With the images excluded, set down every line of the listing below exactly.

THE DATA:
● ● ● ●
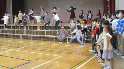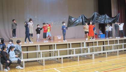 2年生の演目は『スイミー』 舞台で伸び伸び表現しています。声が大きく、動きがダイナミックです。
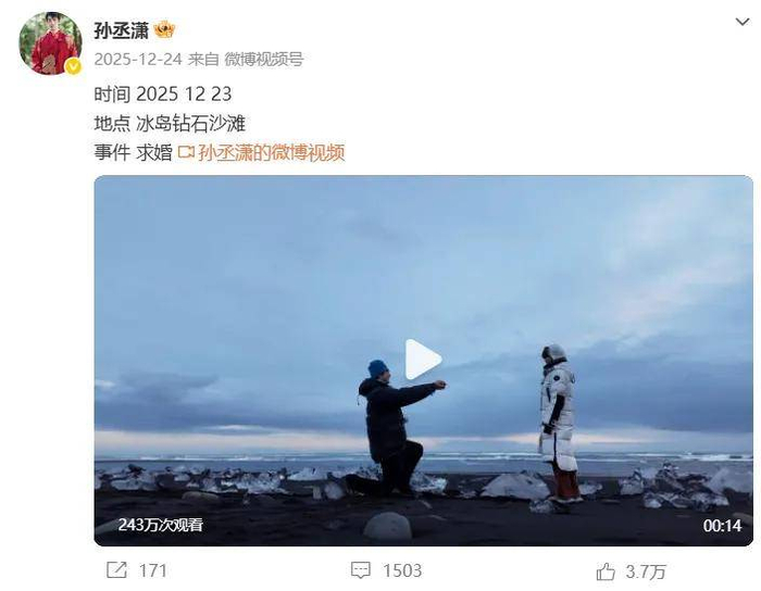 2025年12月23日,孙丞潇在冰岛钻石沙滩,以极光为幕、海浪为证,用 520 朵喷有金莎专属香水的白玫瑰求婚成功。这场求婚仪式感满满,求婚视频虽拍了四遍,但真实的感动远比精心设计的画面动人。
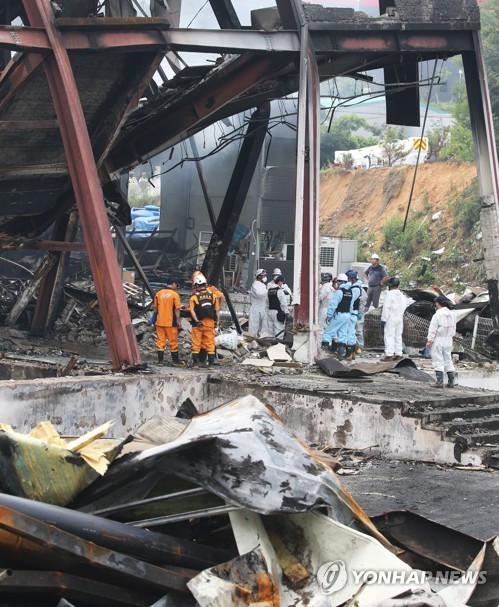지난달 6일 오후 1시 15분께 이 공장 건물 지하 1층에서 화재와 폭발이 일어나 진압에 나섰던 소방관 1명이 순직했다. 또 다른 소방관 1명과 공장 관계자 9명도 다쳤다.
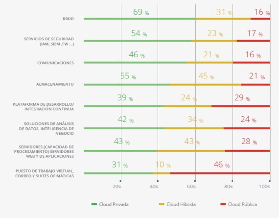 Es la nube privada quien lidera la encuesta con un 53% de preferencia por parte de los consultados, seguida de la nube híbrida (un 31%) y la pública (con un 28%). Entre las barreras que pueden frenar su implementación se destacan la amortización de las infraestructuras existentes (39%) y la seguridad (35%).
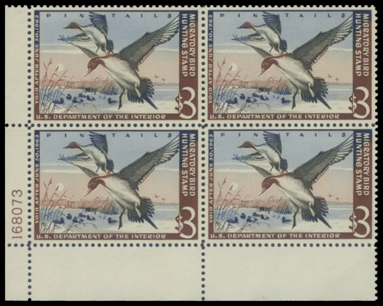 RW29 1962 Federal Duck Stamp. Mint Never Hinged. Fine - Very Fine. Plate block of 4. Pintails by Edward Morris.
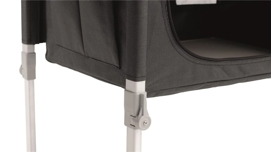 - Two-shelf cupboard with zipped door and mesh ventilation
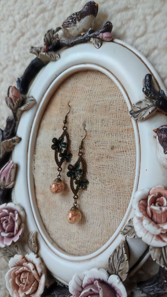 Хербаризиран цвят на роза, месингови елементи, стъклена сфера с диаметър 1 см; дължина – 6 см
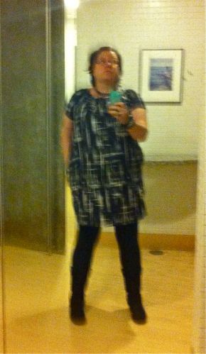 Here’s a look I felt pretty good about: A thrifted Simply Vera (Vera Wang for American department store Kohl’s) dress worn with my Anna Wintour necklaces. Dress, Simply Vera. Leggings, Old Navy. Biker… Continue reading
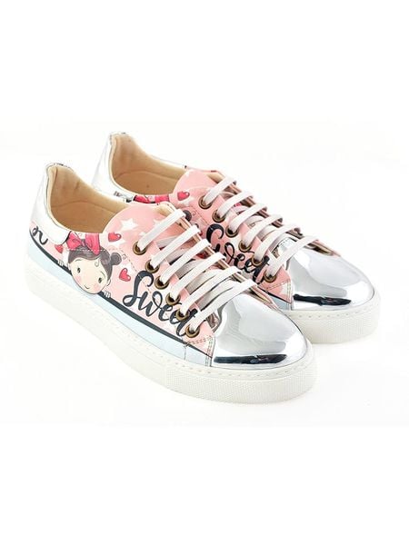 Goby Skórzane sneakersy w kolorze srebrno-jasnoróżowym rozmiar: 40
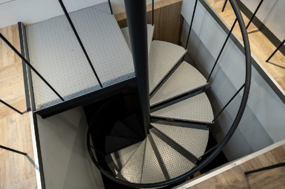 1Fの狭さを解消して機能的に利用できるようにBFと1Fを螺旋階段を新設して繋ぎました。
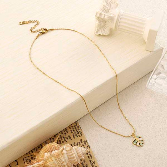 Autum Leaf Green White Necklace
● ● ● ●
SOLUTION:
 2年生の演目は『スイミー』 舞台で伸び伸び表現しています。声が大きく、動きがダイナミックです。
 2025年12月23日,孙丞潇在冰岛钻石沙滩,以极光为幕、海浪为证,用 520 朵喷有金莎专属香水的白玫瑰求婚成功。这场求婚仪式感满满,求婚视频虽拍了四遍,但真实的感动远比精心设计的画面动人。
지난달 6일 오후 1시 15분께 이 공장 건물 지하 1층에서 화재와 폭발이 일어나 진압에 나섰던 소방관 1명이 순직했다. 또 다른 소방관 1명과 공장 관계자 9명도 다쳤다.
 Es la nube privada quien lidera la encuesta con un 53% de preferencia por parte de los consultados, seguida de la nube híbrida (un 31%) y la pública (con un 28%). Entre las barreras que pueden frenar su implementación se destacan la amortización de las infraestructuras existentes (39%) y la seguridad (35%).
 RW29 1962 Federal Duck Stamp. Mint Never Hinged. Fine - Very Fine. Plate block of 4. Pintails by Edward Morris.
 - Two-shelf cupboard with zipped door and mesh ventilation
 Хербаризиран цвят на роза, месингови елементи, стъклена сфера с диаметър 1 см; дължина – 6 см
 Here’s a look I felt pretty good about: A thrifted Simply Vera (Vera Wang for American department store Kohl’s) dress worn with my Anna Wintour necklaces. Dress, Simply Vera. Leggings, Old Navy. Biker… Continue reading
 Goby Skórzane sneakersy w kolorze srebrno-jasnoróżowym rozmiar: 40
 1Fの狭さを解消して機能的に利用できるようにBFと1Fを螺旋階段を新設して繋ぎました。
 Autum Leaf Green White Necklace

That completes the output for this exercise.